Rabu, 3 September 2014

News / Regional

Polisi Gunung Kidul Gerebek Perjudian Sabung Ayam Kelas Kakap

Kamis, 23 Mei 2013 | 22:33 WIB

YOGYAKARTA, KOMPAS.com — Aparat Kepolisian Resor Gunung Kidul menangkap lima orang penjudi sabung ayam di Dusun Jaranmadi, Desa Karangmojo. Kecamatan Karangmojo, Gunung Kidul, Kamis (23/5/2013) sekitar pukul 17.00 WIB. Penggerebekan itu merupakan hasil dari pengintaian aparat di Gunung Kidul selama seminggu.

Para pelaku judi yang tertangkap antara lain Sumardi alias Mardi Mulya (63), warga Karangmojo yang juga Ketua Kadin Gunung Kidul; Sariyo (60), warga Karangmojo; Prakoso (37), warga Karangmojo; serta Dedi Hamadi (40) dan Suroyo (54), keduanya warga Ponjong.

"Penangkapan dilakukan di halaman rumah milik Suyadi, lokasi yang selama ini digunakan untuk aktivitas perjudian sabung ayam," terang Kasat Reskrim Polres Gunung Kidul AKP Suhadi.

Ia menjelaskan, sebelum penangkapan, pihaknya telah melakukan pengintaian selama seminggu karena disinyalir lokasi itu sering dijadikan ajang perjudian sabung ayam kelas kakap di Gunung Kidul.

Lebih lanjut, Suhadi menjelaskan, penggerebekan ini juga berkat informasi dari masyarakat. Pihaknya kemudian menerjunkan 40 personel kepolisian untuk melakukan penggerebekan.

"Ada sekitar 40 personel polisi yang diturunkan untuk melakukan penangkapan. Saat mengetahui petugas datang, puluhan lainnya melarikan diri, dan uang taruhan dengan total Rp 1,5 juta dibawa lari oleh Suyadi," ungkapnya.

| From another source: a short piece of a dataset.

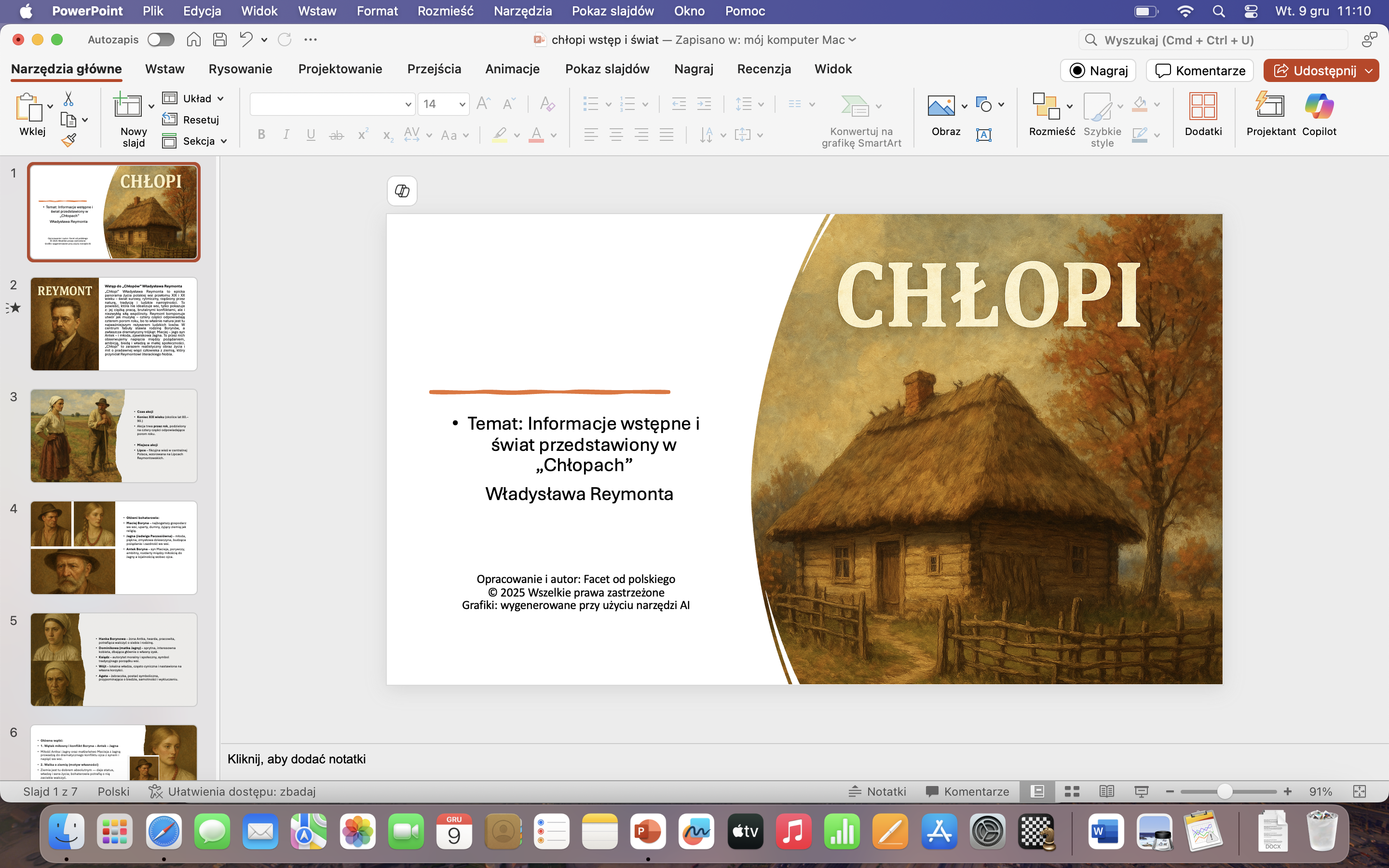 Przejrzysta i nowoczesna prezentacja do wykorzystania na lekcjach języka polskiego w szkole średniej. Materiał stanowi świetne wprowadzenie do powieści Reymonta, łącząc klarowną wiedzę z atrakcyjną oprawą graficzną.

Sampai malam ini, polisi masih memeriksa lima orang yang tertangkap judi itu. Pihaknya berharap pelaku perjudian yang kabur segera menyerahkan diri.

"Daripada menjadi DPO, lebih baik mereka menyerahkan diri," pungkasnya.

Dari tangan kelima pelaku judi itu, polisi menyita barang bukti berupa 9 ekor ayam, 16 sepeda motor, uang Rp 100.000, jam dinding, ember, dan alat pencuci ayam.